I disagree there's no need for it though (or at least no benefit to be had from it) as it's clearly going to reduce CPU load in games that use LZ4 on the CPU for streaming. I guess it could also potentially be faster than the CPU for the big initial loads.

This was obviously the hope for Gdeflate but so far it's not working out as intended it seems.
Do we actually want to load the CPU less? Generally in games the GPU is loaded 100% while the CPU has idle cores. And decompressing assets is easy to offload so it shouldn't be something contributing to being single-thread bound. Even if GPU decompression is considerably faster than GPU, the fact that it's additional load is still going to cause a performance hit. I don't necessarily think gdeflate isn't working as expected, so much as expectations were unrealistic. Of course shifting load from a partially idle CPU to a fully loaded GPU will affect performance.

If there's a time and place for it, it's loading screens. Streaming during gameplay should probably stay the domain of the CPU, unless it's either not able to fully load the GPU, or decompress assets fast enough.
 
On the desktop with >100W CPUs this may be logical but in notebooks these CPUs are limited to 45W or less. It can make sense to let the GPU do the decompression because the CPU is limiting the performance.
 
Do we actually want to load the CPU less? Generally in games the GPU is loaded 100% while the CPU has idle cores. And decompressing assets is easy to offload so it shouldn't be something contributing to being single-thread bound. Even if GPU decompression is considerably faster than GPU, the fact that it's additional load is still going to cause a performance hit.
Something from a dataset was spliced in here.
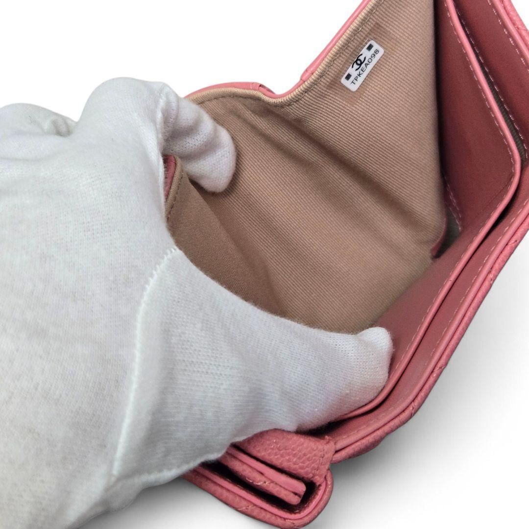 ♥ランク CHANEL シャネル マトラッセ キャビアスキンコンパクトウォレット ピンク 三つ折り財布 Wホックの検索結果

I don't necessarily think gdeflate isn't working as expected, so much as expectations were unrealistic. Of course shifting load from a partially idle CPU to a fully loaded GPU will affect performance.
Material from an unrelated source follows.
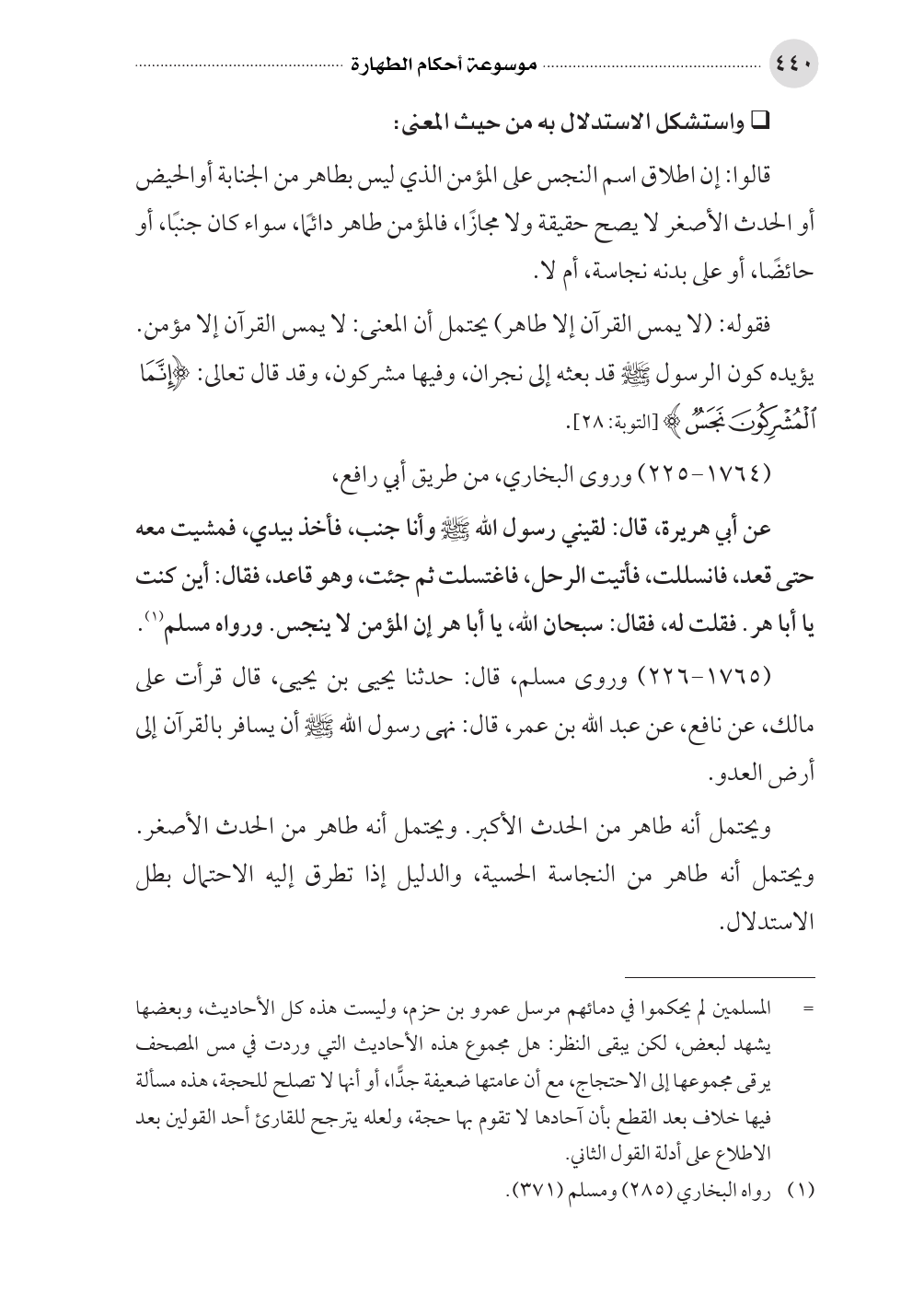 = المسلمين لم يحكموا في دمائهم مرسل عمرو بن حزم، وليست هذه كل الأحاديث، وبعضها يشهد لبعض، لكن يبقى النظر: هل مجموع هذه الأحاديث التي وردت في مس المصحف يرقى مجموعها إلى الاحتجاج، مع أن عامتها ضعيفة جدًّا، أو أنها لا تصلح للحجة، هذه مسألة فيها خلاف بعد القطع بأن آحادها لا تقوم بها حجة، ولعله يترجح للقارئ أحد القولين بعد الاطلاع على أدلة القول الثاني.

If there's a time and place for it, it's loading screens. Streaming during gameplay should probably stay the domain of the CPU, unless it's either not able to fully load the GPU, or decompress assets fast enough.

The context of the post was in relation to a hardware decompression unit for LZ4 so in that case the offload from CPU would be free which even in terms of energy draw would be a win. I do agree GPU decompression has a place in the current schema but if GPU's are going to include the unit anyway then it would be advantageous to use it.
 
Dedicated hardware sounds wasteful. There are so many idle GPU cycles during any given frame I don’t see why they couldn’t be filled with GDeflate async compute work.
 
So you're saying that if a game uses LZ4 via DirectStorage for CPU decompression as standard (like Forbidden West does) then the HW could automatically move the decompression off the CPU on to the hardware based decoder?
Depends on how the API in question would implement such support. DS will require an update to support other GPU decompressible formats.
What I'm saying though is that the GPU decompression itself could happen either on a dedicated unit or on the shader core as it does now, this will be transparent for the application. It's a driver decision basically.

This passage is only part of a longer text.